食堂から立ち去る前……
テツヤさんが見えなくなると、ワタシの体に埋め込んでいる紋章が魔力を求め始めた。
「イザホ、ここで昼ごはんを食べようよ。ボク、イザホが起きなくてごはんが喉に通らなかったから、もうペコペコだよ」
マウに向かって、提案と謝罪をこめてうなずいた。
一度席を立ち上がり、入り口近くの自動販売機に立つ。この食堂は食券制度だから、この食券の自動販売機で購入する必要があるんだよね。

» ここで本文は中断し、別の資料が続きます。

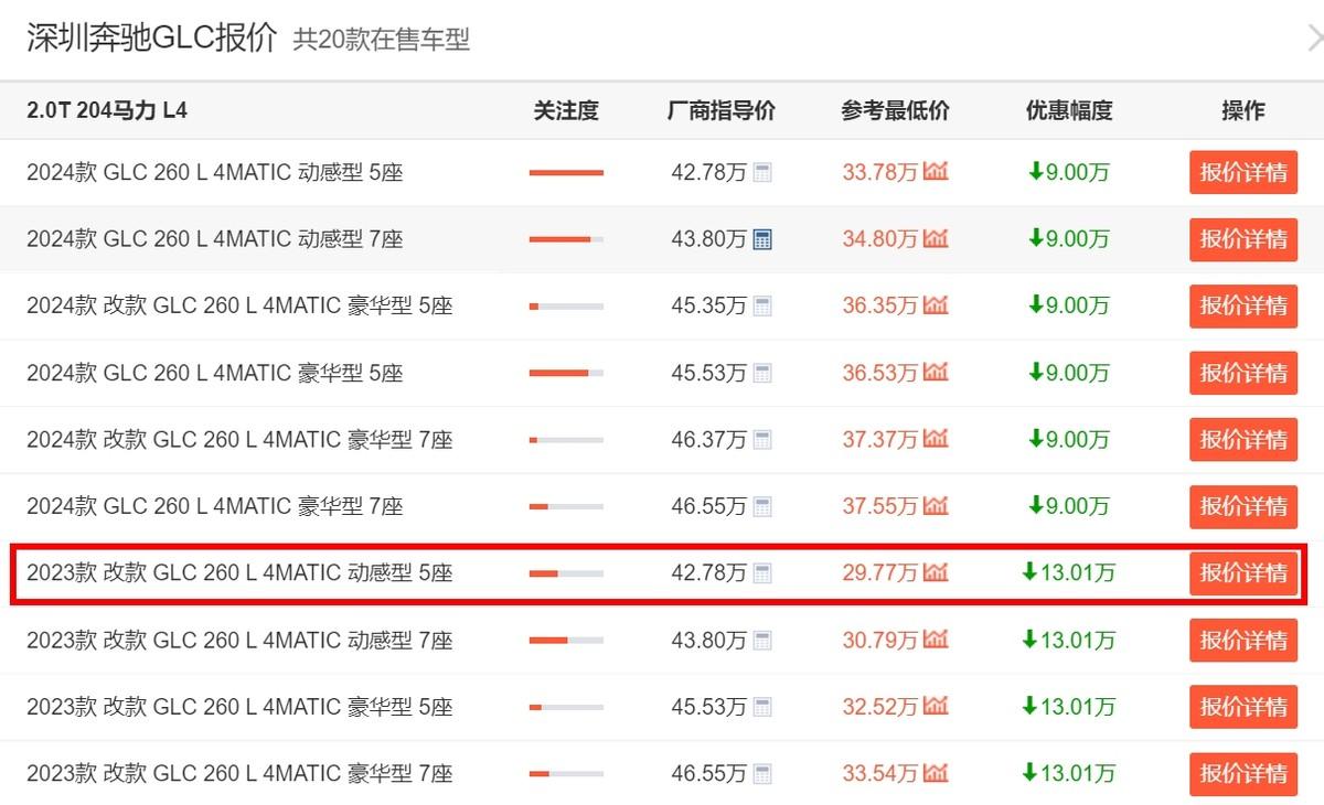 就以在去年才完成換代的奔馳GLC為例,在全國很多城市都已經給出了超10萬元的降價優惠,部分城市的最高降幅甚至一度來到了13.8萬元,其中2023款車型的入手門檻甚至還跌破了30萬元大關。雖說在降價幅度上并沒有奧迪Q5L和寶馬X3那么夸張,但奔馳GLC畢竟才剛完成換代,而奧迪Q5L和寶馬X3仍是老款車型,能給出更大的優惠力度也情有可原。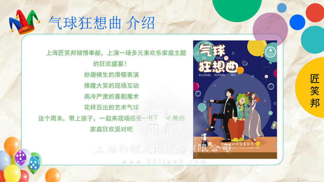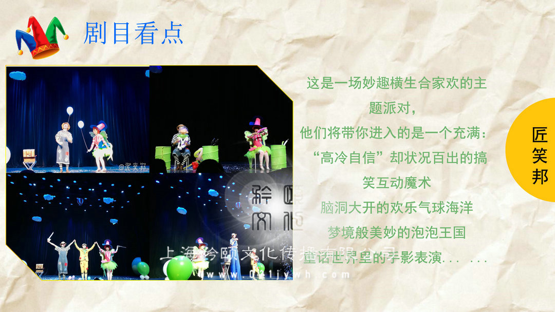 傾情奉獻,上演一場多元素歡樂家庭主題的狂歡盛宴!妙趣橫生的滑稽表演捧腹大笑的現場互動高冷嚴肅的喜劇魔術花樣百出的藝術氣球這個周末,帶上孩子,一起來現場感受一場別出心裁的家庭狂歡派對吧氣球狂想曲介紹這是一場妙趣橫生合家歡的主題派對,他們將帶你進入的是一個充滿:“高冷自信”卻狀況百出的搞笑互動魔術腦洞大開的歡樂氣球海洋夢境般美妙的泡泡王國童話世界里的手影表演... ...《氣球狂想曲》將在70分鐘里讓你大開眼界……原創式再現法式幽默的多元化表演藝術氣球+喜劇魔術+默劇+搞笑互動原創式再現法式幽默的多元化表演藝術氣球秀+喜劇魔術+默劇+斯蒂芬氣球+家庭互動它讓每個小朋友的臉上都掛滿笑容讓每一個成年人都興奮的跳起來而我們的工作就是不斷打磨升級讓它成為:一部適合所有年齡段觀看的互動歡樂秀。在國外,給孩子們看的兒童劇多不勝數。因為他們相信讓孩子們通過觀看戲劇,甚至在戲劇中扮演角色,能更快、更自然地進行各種學習。無論對性格的培養還是知識的獲取都大有益處。上海互動親子戲劇演出給你整理了一些由國外團隊創作或者改編的童話劇,有興趣的帶孩子去體驗一下吧!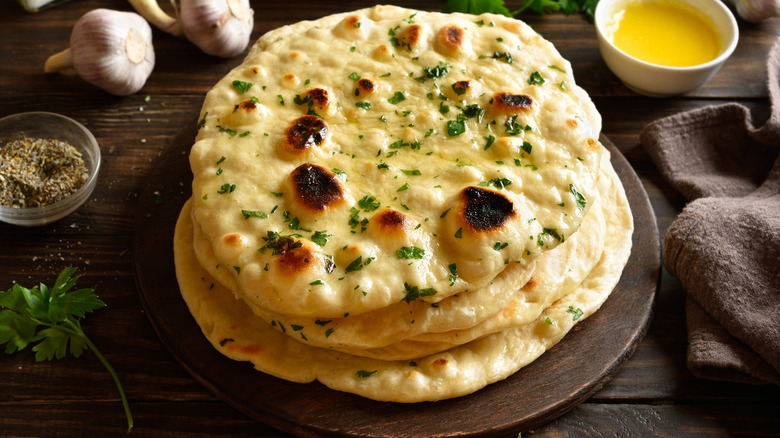 There is a world of incredible and tasty flatbreads out there. With various types of flatbread from Mexican tortillas to Ethiopian injera, it seems like every cuisine has its flatbread of choice. In India, that would be naan. The key difference between naan and paratha, another type of South Asian flatbread, is that the former is leavened with yeast and includes ingredients like yogurt and milk to give it its soft, pull-apart texture and golden color. Naan is often served at Indian restaurants across the United States as a tool to sop up curries and soups, as its starchy and hearty texture makes for an excellent pairing for flavorful broths.
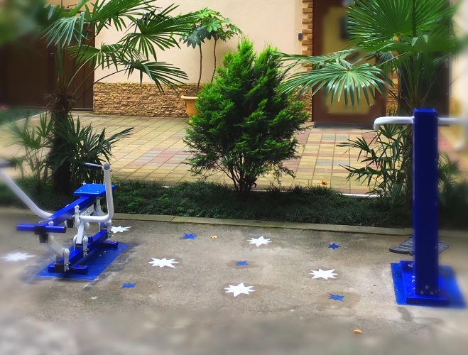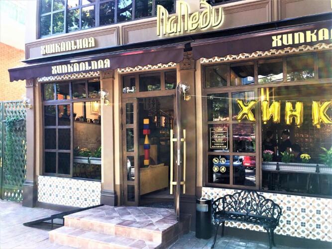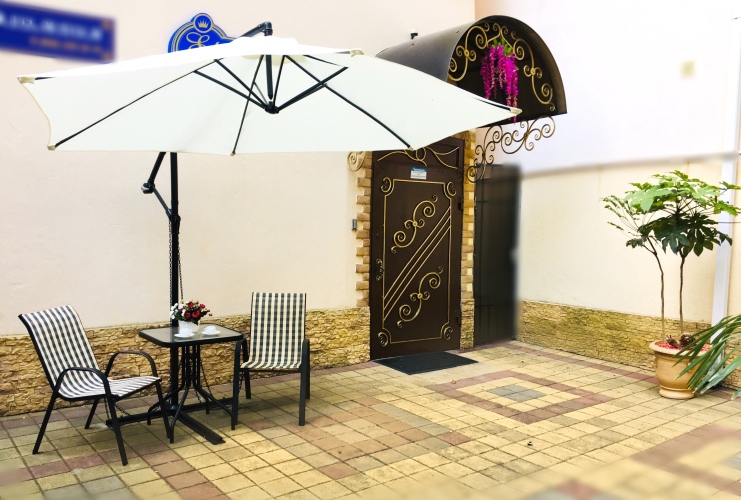 На территории гостевого дома имеется место для отдыха, где можно посидеть и выпить кофе. На нижних этажах располагается кафе грузинской кухни.

ワタシとマウは隣の写真と比べてメニューを決めると、対応する食券を購入した。
次にカウンターにいる調理員さんに食券を渡すと、食券の切れ端を渡された。
本当はここに書かれている数字を調理員さんが読み上げたら、このカウンターに戻ってくる必要がある。だけどワタシは左手首の骨がまだ治っていないので、調理員さんに頼んで持ってきてもらえることになった。
食券を受け取ってくれた調理員さんの後ろでは、さまざまな料理を作っている音が聞こえてきた。
ワタシにも、あんな感じに料理ができるようにな――
――コンロからと思われる炎の音が聞こえたので、もうなにも考えないように席に戻った。

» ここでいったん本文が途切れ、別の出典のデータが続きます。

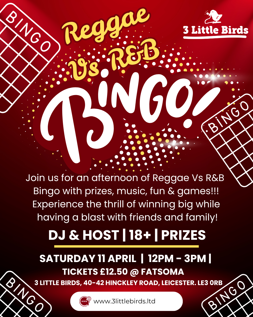 It's the ultimate showdown – Reggae vs R&B Bingo is coming to 3 Little Birds! Grab your mates, settle the debate once and for all, and compete for epic prizes while vibing to the best sounds. Whether you're Team Bob Marley or Team Usher, this is your moment. Expect good company, flowing cocktails, and an afternoon you won't forget. Limited spots available – book now and bring the good vibes!"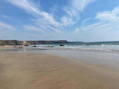 At Pwllstrodur, cross a stream then head steeply uphill round the headland and past the Iron Age promontory fort of Castell-Coch. The scenic Aber Mawr beach is an Ice Age site with the remains of a submerged coastal forest that can sometimes be seen beneath the sand at low tides. Inland there is an unspoilt reed valley with woods beyond, which makes a pleasant change and affords an excellent windbreak for a picnic lunch.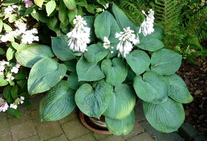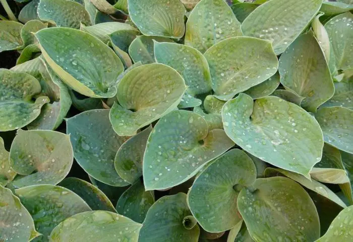 Hosta 'Big Daddy' is een mooie sieboldiana-cultivar met ronde komvormige bladeren, gebobbeld met een blauwe kleur.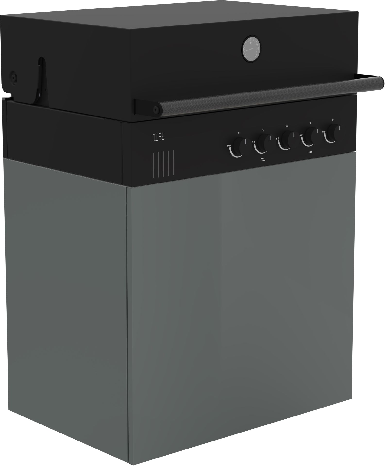 - Bestehend aus QUBE X-415 RB Einbaugrill und einem von 5 verschiedenen BBQ Unterschränken aus Edelstahl mit Pulverbeschichtung (RAL 9005 Black, RAL 3032 Red, RAL7043 Darkbrey, RAL 9001 Creme, RAL 7006 Taupe)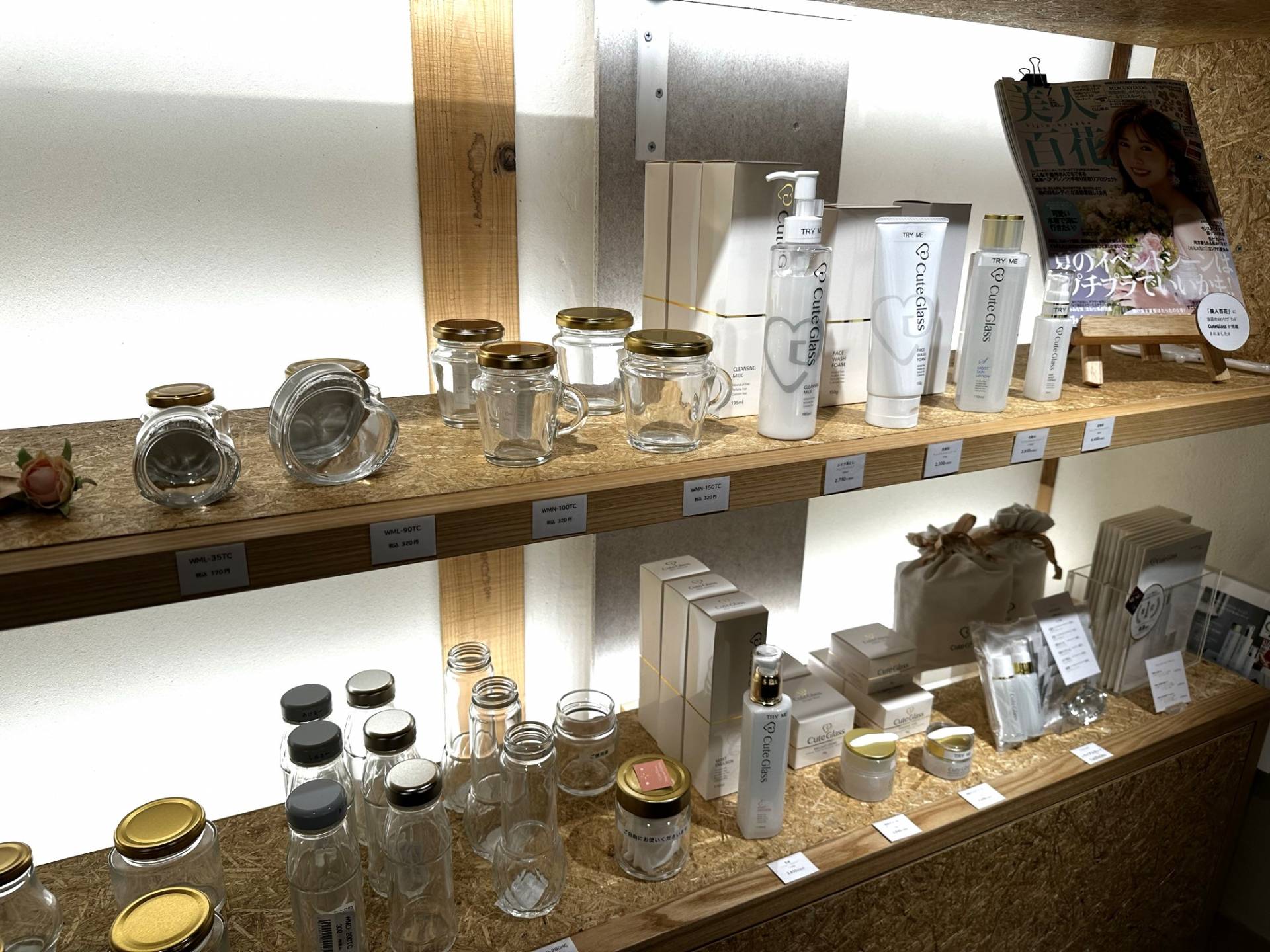 化粧品の容器は、日本精工硝子(株)が、ガラス瓶メーカーとして約50年前に参入して以来の主力商品だそう。ハート型の容器など、お洒落で洗練されたデザインの容器に入った化粧品が並んでいます。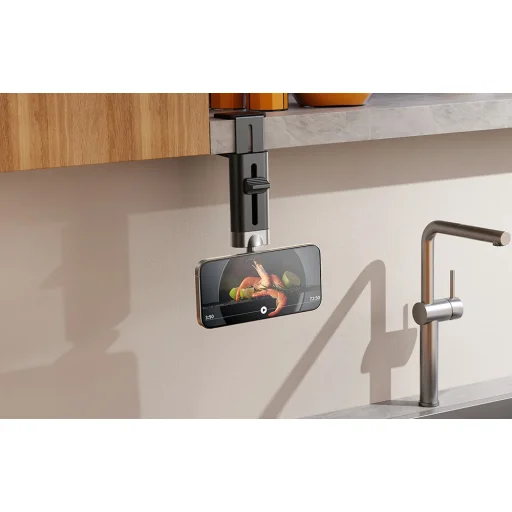 Az állítható rögzítőalap lehetővé teszi, hogy a tartót számos különböző helyen rögzítsd, például asztalokon, munkalapokon, üléstámlákon, poggyásztartókon, konyhai polcokon vagy akár repülőgépen található asztalokon is. Ideális azok számára, akik különféle helyzetekben szeretnék használni okostelefonjukat - főzés, munka, utazás vagy pihenés közben is.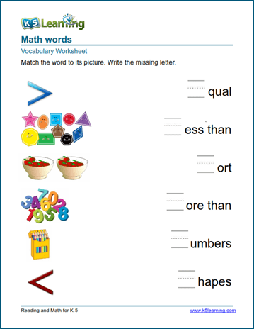 Students practice math words, such as add, count, odd, even. The worksheets cover hidden letters, matching pictures to words and writing the first letter of words.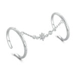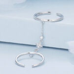 Bague Bouble avec Chaîne en argent 925 plaqué or blanc ajustable avec zircons blancs

番号を呼ばれるまでマウと一緒に待っている間、ワタシは左の手首に目を向けた。
まだ治療の紋章が青色に光っているから、完全には治っていないみたい。
「そういえばイザホ、昔の病院のこと、知りたくない?」
マウが自信満々に鼻を動かすので、食いつかずにはいられなかった。
「昔の病院は骨折などのケガをした時、完全に回復するまでに数カ月かかったらしいよ。今では人間の場合でもひどくて1週間なのにね」
それって、治療の紋章がないからってことだよね。
その分、入院費もかかって大変そう……
「そうそう、イザホの個室、あれ他の人がびっくりしないように、フジマルさんが配慮してくれたんだ。ほぼ全身複雑骨折の患者が、他の患者と同じ部屋だと騒がれちゃうから――」
治療の紋章という言葉が浮かんで、ふと気になることが思い浮かんだ。
スマホの紋章に入力して、マウに見せる。
「なになに……治療の紋章はどこまでのケガなら治せるかって?」
治療の紋章は、あまりにも深いケガに対しては魔力が足りず、効果がない……マウから聞いた話を元に、記入したメモのアプリにはそう書かれている。
だけど、ワタシは体の骨が折れるほどのケガをしても、治療の紋章が埋め込まれた包帯ですっかり回復している。だから、どのぐらいのケガまでならいいのか気になった。
「えっと……イザホの場合は、量の問題かな」
ワタシの場合は、量の問題?
「治療の包帯は魔力が足りなくなると消えてしまうけど、ある程度までは治る。そこからなんども包帯を巻き直すことで、治療することができるよ」
それじゃあ……ワタシじゃなかったら?
「生き物はひどいケガを負ってしばらくすると、そこから腐敗が始まってしまう。切り落とされた腕を治療の紋章でくっつけるのに遅れた場合がわかりやすいかな。治療の紋章はそれぞれ別の物をくっつけることができないように、腐り始めた肉体と生きている肉体は違うものとして、治療ができないんだ」
一息ついて、「イザホは腐敗を防ぐ紋章を埋め込んでいるからだいじょうぶだけど」とマウは付け加えた。
そのころになって、調理員さんが料理をお盆に載せて届けてくれた。
「まさに……ボクの……狙い通り!!」
マウは並べられたお子様ランチを眺めて、目を輝かせていた。
フランスの国旗の描いた旗が刺さったチャーハンに、コーンポタージュ、ハンバーグ、レタスとコーンのサラダ、オレンジジュース……そして、デザートのマンゴーが入った小さなパフェ。
マウはマンゴーが大好き。食べ過ぎないように、1週間に3個までっていうルールを決めているけど、今週はまだ1個しか食べてないからだいじょうぶかな。
「まっててね……マンゴーちゃん……」
マンゴーに目を向けつつ先に他の料理を口に入れるマウを見ていると、
ざるうどんをめんつゆにつけてすするワタシの口は、思わず頬角が上がっていた。